First of all, let it be known, that the country we hated so much, England, was the main influence to our new paper.  Ideas like their judicial system became the backbone to the way the law would work.  Things said, like "Innocent until proven Guilty?"  A wonderful set of words; I'm still waiting to see that in operation, as yet.  If there were any truth to that being the way of things, house and citizen's arrest would be a lot bigger than they are.

Let's start with the preamble.  America?  This paragraph represents us at our best moment...our finest hour, our best day, and from what I understand, it won paragraph of the year.  In this writer's opinion, this is about the only thing that shouldn't ever change about the Constitution.  This is constitutional grace at its best.  Don't go changin'....As I might just bring up later though, this is when we chose to start bullshitting the U.S. Populace, and misrepresented things a wee.  In particular the phrase "All men are created equal", as they took their breaks, and asked their servant slaves to bring them a snack.

Not un-like the weather in my home state of Iowa, where we have a nice day one day, and a blizzard to follow it up, well, we move on to Article one.  This is the article that defines congress, representatives, how many each state needs to have, their qualifications, their limits of power and terms in office.  Article two addresses our President, his qualifications, his term, and his power.  Please note:  Nowhere in the constitution does it say this man or woman (the President) has to be wealthy, old, spoon-fed, well-schooled, or perfect.  The one thing I love is that it says that the president shall preserve, defend and protect the Constitution.  He/She takes an oath everytime he/she takes office, that he/she is not allowed to change what it says, the way I interpret it.  How well did we stick to that?

So, from what it says, then, anytime a President is in office, and approves a modification or an Amendment to the Constitution (or employs the "Executive Order"), he/she would be breaking their oath, I would think.  I also like that they aren't able to raise their compensation while in office...but on the other hand, why aren't they allowed to lower it?  That doesn't make any sense, does it?

Article 3 blah-de-blahs about our judicial system and how it works, pretty much all stuff we learned in Poli-sci a million years ago.  Funny thing though, you ask most people how our system works, and what the hierarchy is?  They couldn't rattle it off to save their lives.  Another thing I love about our Constitution and the law that it defines, is that most people do NOT understand a word of it, unless they're involved in the legal field in some way...and even then I wonder.  Trust me when I say that this will most certainly be the focal point of many future blogs, since I have studied the law myself.

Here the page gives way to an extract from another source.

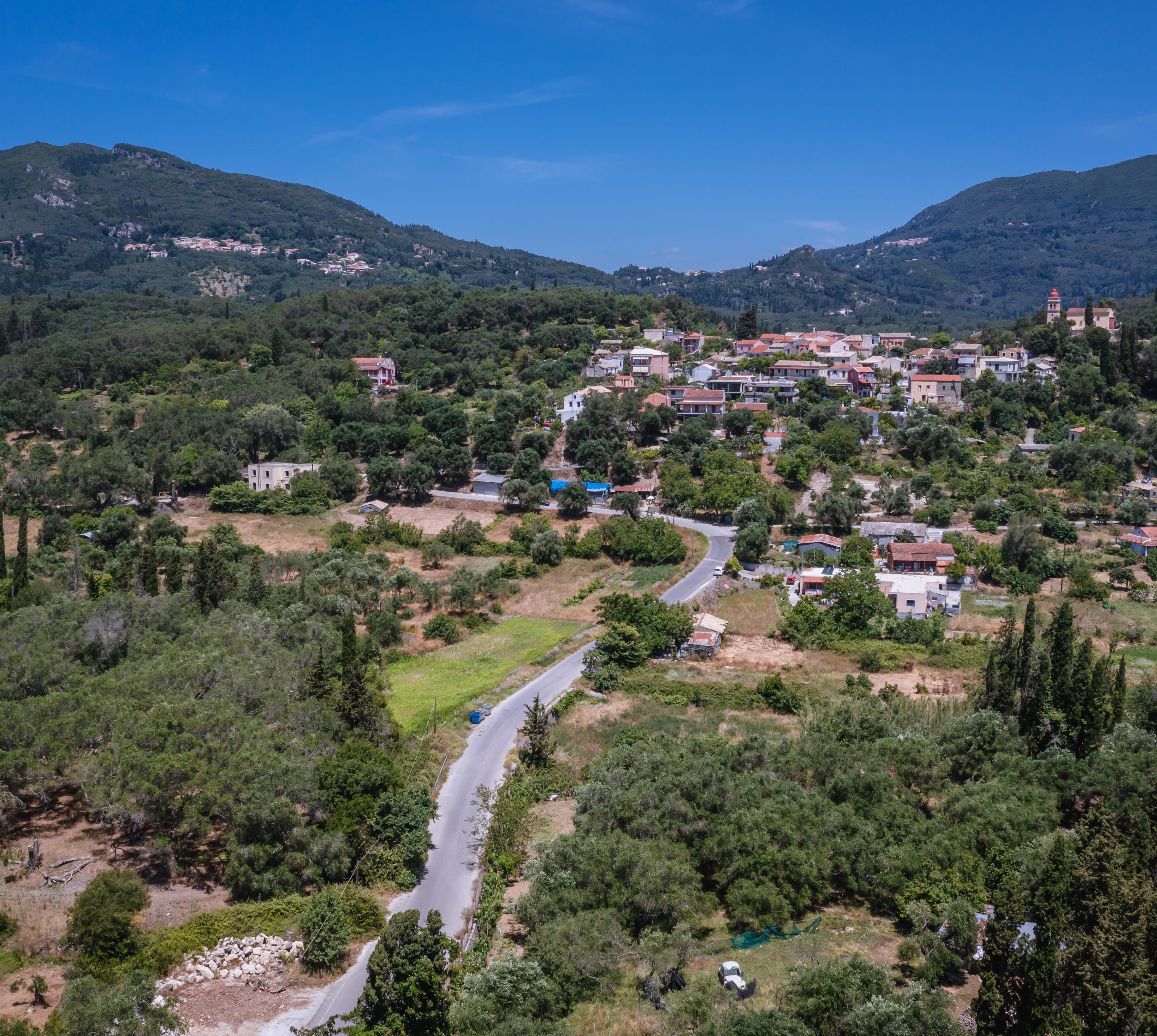 Das große Bergdorf liegt in einem besonders grünen Hochtal ohne Blick aufs Meer. Die meisten Bewohner leben vom Olivenanbau. Eine nur mit Jeeps befahrbare Piste führt zum 5 km entfernten, nicht mehr bewohnten Kloster Pantokrátoras hinauf.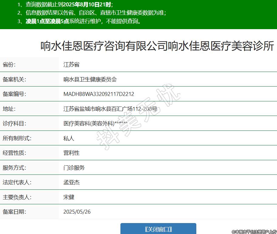响水佳恩医疗咨询有限公司响水佳恩医疗美容诊所,诊疗科目:医疗美容科(美容外科)******

Article four rattles on concerning the relationship of the fed to the states, and produces such standards as "the full faith and credit" act (Bet most of your family has no idea what that is), and the "priveleges and immunities" clause (and I GUARANTEE most of your family doesn't know what THAT is).

Now we come to Article 5, which allows the Constitution to be Amended.  In other words, you can change the Constitution.  What?  Wait.  Ok, no...huh?  Now just a minute.  The Constitution is to be protected...defended...and preserved...but if we wanna change what it says, that's OK.  If we don't like what the first guys had to say, it's no problem.  We can just smooth it or tweak it, as long as we have a majority vote.  I'm sorry, but this to me is anti-preservation.  Black and white, we just change what we don't agree with.  But in this fashion, we just do it with more subversion and finesse.  Nice.  I'm not going to get into this right now, because it would take more brain power than I wish to expend at this time.  We'll come back to it, I swear.